Information shown.

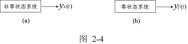 在图2-2中,若激励f(t)=0,但系统的初始条件不等于零,此时系统的响应即为零输入响应yx(t),如图2-4(a)所示。根据式(2-5)可写出此时系统的微分方程为: |
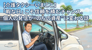 - 【介護タクシー】「暇な日」こそ信頼を積むチャンス。個人の発信が“50年後の資産”に変わる話
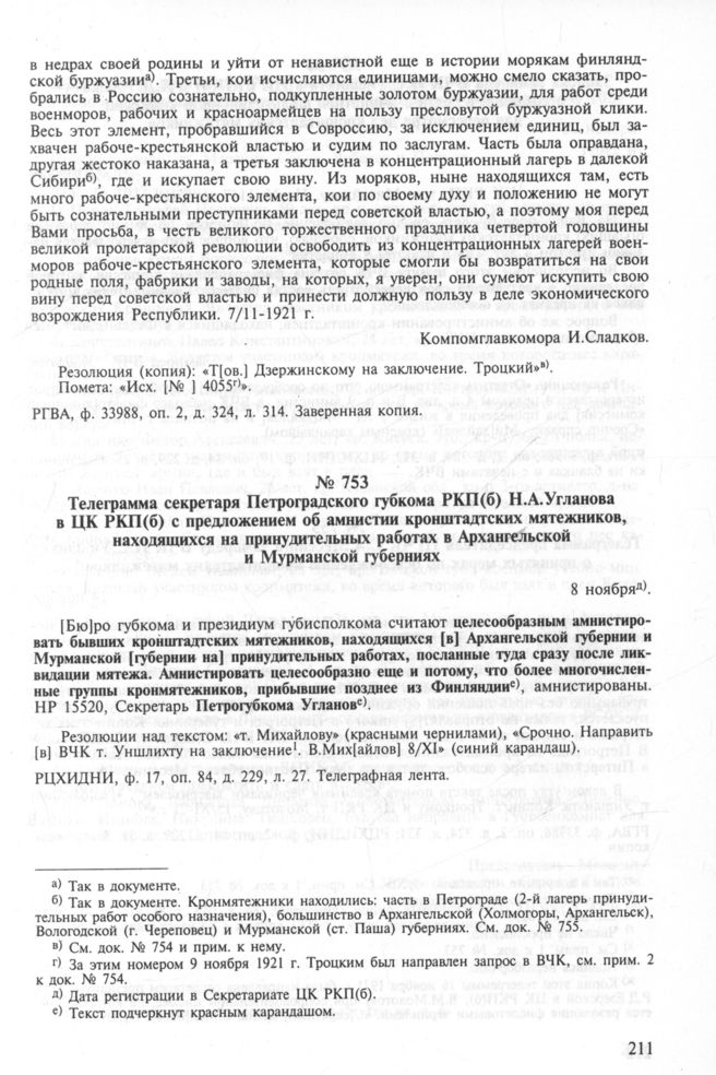 Телеграмма секретаря Петроградского губкома РКП(б) Н.А. Угланова в ЦК РКП(б) с предложением об амнистии кронштадтских мятежников, находящихся на принудительных работах в Архангельской и Мурманской губерниях. 8 ноября
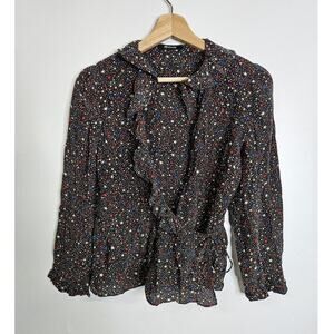 Madewell 100% Silk Ruffle-Hem Wrap Top in Starry Night Women's XS

Task goal. The entire listing is to be printed exactly, with each picture omitted.

Solved exercise.
 在图2-2中,若激励f(t)=0,但系统的初始条件不等于零,此时系统的响应即为零输入响应yx(t),如图2-4(a)所示。根据式(2-5)可写出此时系统的微分方程为: |
 - 【介護タクシー】「暇な日」こそ信頼を積むチャンス。個人の発信が“50年後の資産”に変わる話
 Телеграмма секретаря Петроградского губкома РКП(б) Н.А. Угланова в ЦК РКП(б) с предложением об амнистии кронштадтских мятежников, находящихся на принудительных работах в Архангельской и Мурманской губерниях. 8 ноября
 Madewell 100% Silk Ruffle-Hem Wrap Top in Starry Night Women's XS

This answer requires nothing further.